Task goal: Give the data back exactly. Leave out any images.

Saved data entries:

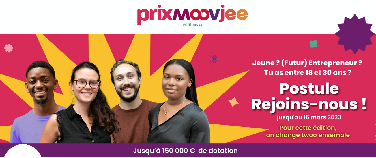Tu es un jeune entrepreneur ? Tu as entre 18 et 30 ans ? Postule à la 14ème édition du Prix Moovjee, concours ouvert jusqu'au 16 mars ! 📅
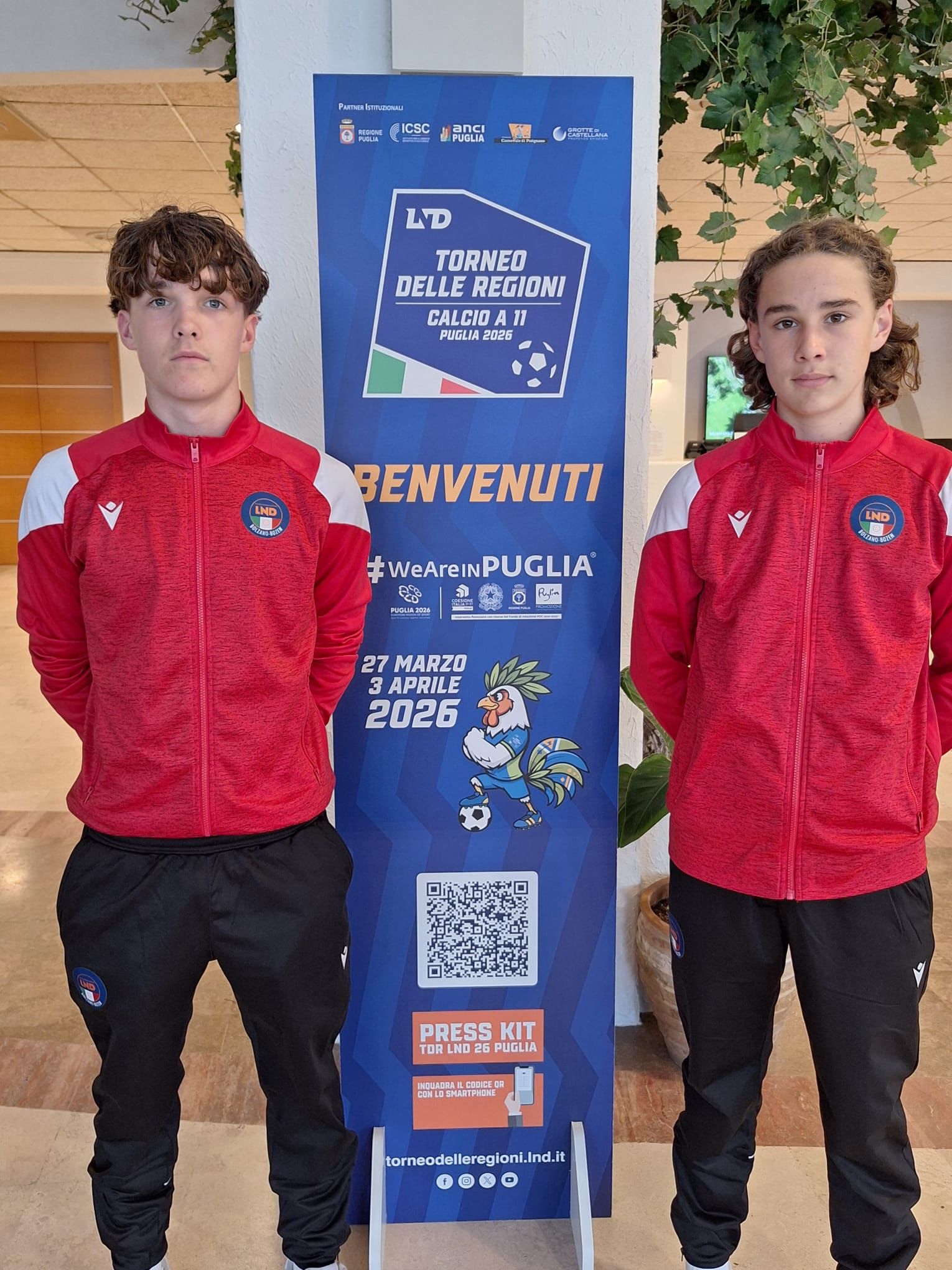 Zwei Spieler unserer SpG Untervinschgau, Moritz Berger und Silas Gurschler (v.l.n.r.), stehen derzeit mit der U-15 Regionalauswahl Südtirols beim Regionenturnier in Apulien auf dem Platz.
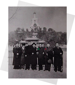 图为1950年代薛暮桥与孙冶方一起陪同国家统计局的苏联专家游览北京的公园,右二为薛暮桥,右三为孙冶方。
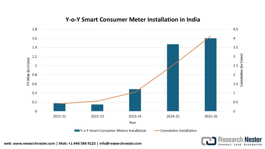 The rapid growth of the narrowband IoT market is fueled by the rising adoption of smart utility meters along with the high inclination towards low-power IoT networks across several domains. NB-IoT systems and solutions are important aspects of the modern utility meters as it enhances the functionality and efficiency of smart meters. According to the National Smart Grid Mission (NSGM), India has installed over 41 million smart consumer meters as of mid-2025, with a total number of 224 million sanctioned under the Smart Metering National Programme (SMNP) and Revamped Distribution Sector Scheme (RDSS).
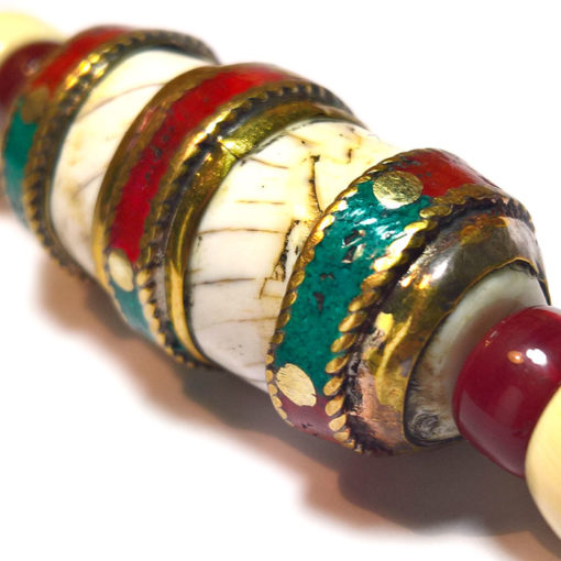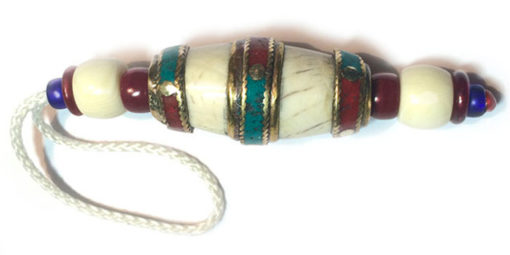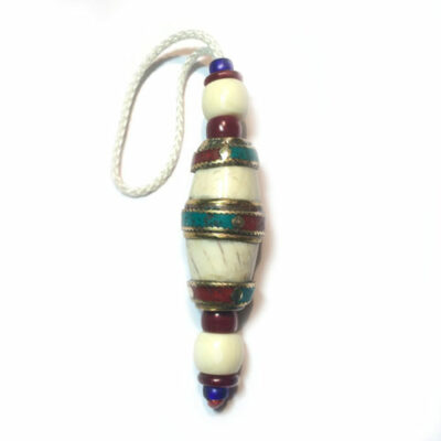 Porte bonheur et protecteur tel un talisman, objet favorisant la méditation il surprend par son esthétique inhabituelle. Fait main en coquillage, laiton, os de yak et verre et par des artisans des montagnes du Népal. Cet objet est typique de l’artisanat Népali-Tibétain. Tout objet bouddhiste, n’est pas seulement symbole de prière, mais aussi une œuvre d’art à grande valeur spirituelle.
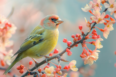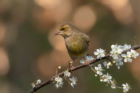 Greenfinch female on blooming branch
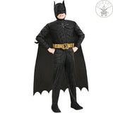 Luxuriöser, schwarzer Batman-Overall, für Kinder, mit muskelbepackter Brust, befestigten Stiefelabdeckungen und Batman-Logo auf der Brust. Dazu gibt es ein schwarzes Cape,eine Kopfbedeckung mit Halbmaske aus Stoff und einen goldfarbenen Gürtel.
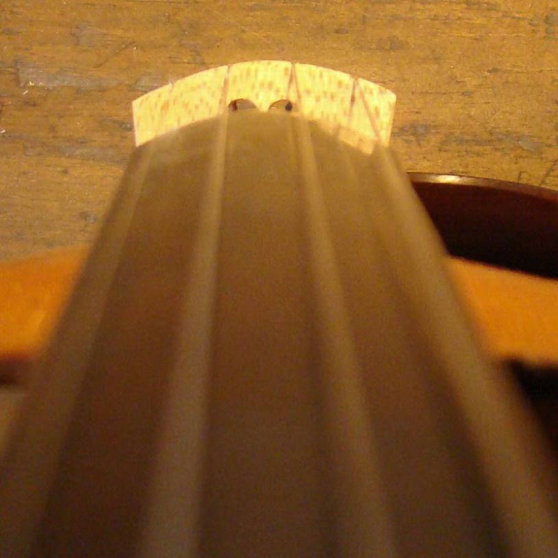 Ein häufiger Fehler wird gemacht, wenn die richtige Stegposition nur über das Griffbrett ermittelt wird. Wenn man über das Griffbrett peilt (siehe Bild rechts), steht der Steg normalerweise mittig zum Griffbrett. Wenn der Hals nun etwas schief eingeleimt ist stimmt diese Messmethode nicht mehr. Vorrang muß immer das Messen des akkustischen Zentrums (Position zum Bassbalken und Stimmstock) haben. Bei schief eingeleimten Hals sollte der Steg demnach schief zum Griffbrett stehen.
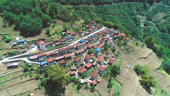 從公路上遠眺西藏自治區阿里地區日土縣日松鄉甲崗村,只見一大片紅檐白墻的兩層居民房矗立在綠中帶黃的草原上,家家戶戶屋頂都插著五星紅旗,迎風招展、格外鮮艷。
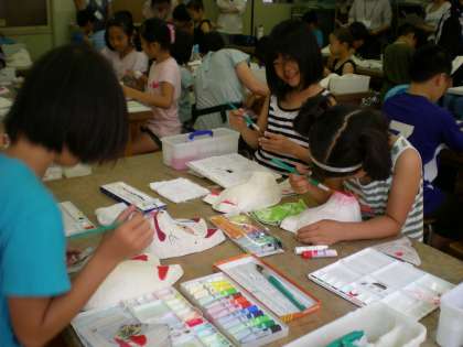 9日(土)の午前中、PTA主催の親子ふれあいデーが行われました。今回は「お面づくり」をしました。和装アートユニット「なみまにさんかく」の方に来ていただき、稲荷大社にちなんだ「きつねのお面づくり」をしました。きつねのお面に子どもたちが色を塗って、目に穴をあけて世界に一つだけのお面を作っていました。みんな一生懸命で一人一人個性のあるお面が出来上がりました。最後は全員できつねのお面をもって記念写真をとりました。23日24日の稲荷本宮祭に浴衣でお面をつけてきてくれればと思います。

Task result:
Tu es un jeune entrepreneur ? Tu as entre 18 et 30 ans ? Postule à la 14ème édition du Prix Moovjee, concours ouvert jusqu'au 16 mars ! 📅
 Zwei Spieler unserer SpG Untervinschgau, Moritz Berger und Silas Gurschler (v.l.n.r.), stehen derzeit mit der U-15 Regionalauswahl Südtirols beim Regionenturnier in Apulien auf dem Platz.
 图为1950年代薛暮桥与孙冶方一起陪同国家统计局的苏联专家游览北京的公园,右二为薛暮桥,右三为孙冶方。
 The rapid growth of the narrowband IoT market is fueled by the rising adoption of smart utility meters along with the high inclination towards low-power IoT networks across several domains. NB-IoT systems and solutions are important aspects of the modern utility meters as it enhances the functionality and efficiency of smart meters. According to the National Smart Grid Mission (NSGM), India has installed over 41 million smart consumer meters as of mid-2025, with a total number of 224 million sanctioned under the Smart Metering National Programme (SMNP) and Revamped Distribution Sector Scheme (RDSS).
 Porte bonheur et protecteur tel un talisman, objet favorisant la méditation il surprend par son esthétique inhabituelle. Fait main en coquillage, laiton, os de yak et verre et par des artisans des montagnes du Népal. Cet objet est typique de l’artisanat Népali-Tibétain. Tout objet bouddhiste, n’est pas seulement symbole de prière, mais aussi une œuvre d’art à grande valeur spirituelle.
 Greenfinch female on blooming branch
 Luxuriöser, schwarzer Batman-Overall, für Kinder, mit muskelbepackter Brust, befestigten Stiefelabdeckungen und Batman-Logo auf der Brust. Dazu gibt es ein schwarzes Cape,eine Kopfbedeckung mit Halbmaske aus Stoff und einen goldfarbenen Gürtel.
 Ein häufiger Fehler wird gemacht, wenn die richtige Stegposition nur über das Griffbrett ermittelt wird. Wenn man über das Griffbrett peilt (siehe Bild rechts), steht der Steg normalerweise mittig zum Griffbrett. Wenn der Hals nun etwas schief eingeleimt ist stimmt diese Messmethode nicht mehr. Vorrang muß immer das Messen des akkustischen Zentrums (Position zum Bassbalken und Stimmstock) haben. Bei schief eingeleimten Hals sollte der Steg demnach schief zum Griffbrett stehen.
 從公路上遠眺西藏自治區阿里地區日土縣日松鄉甲崗村,只見一大片紅檐白墻的兩層居民房矗立在綠中帶黃的草原上,家家戶戶屋頂都插著五星紅旗,迎風招展、格外鮮艷。
 9日(土)の午前中、PTA主催の親子ふれあいデーが行われました。今回は「お面づくり」をしました。和装アートユニット「なみまにさんかく」の方に来ていただき、稲荷大社にちなんだ「きつねのお面づくり」をしました。きつねのお面に子どもたちが色を塗って、目に穴をあけて世界に一つだけのお面を作っていました。みんな一生懸命で一人一人個性のあるお面が出来上がりました。最後は全員できつねのお面をもって記念写真をとりました。23日24日の稲荷本宮祭に浴衣でお面をつけてきてくれればと思います。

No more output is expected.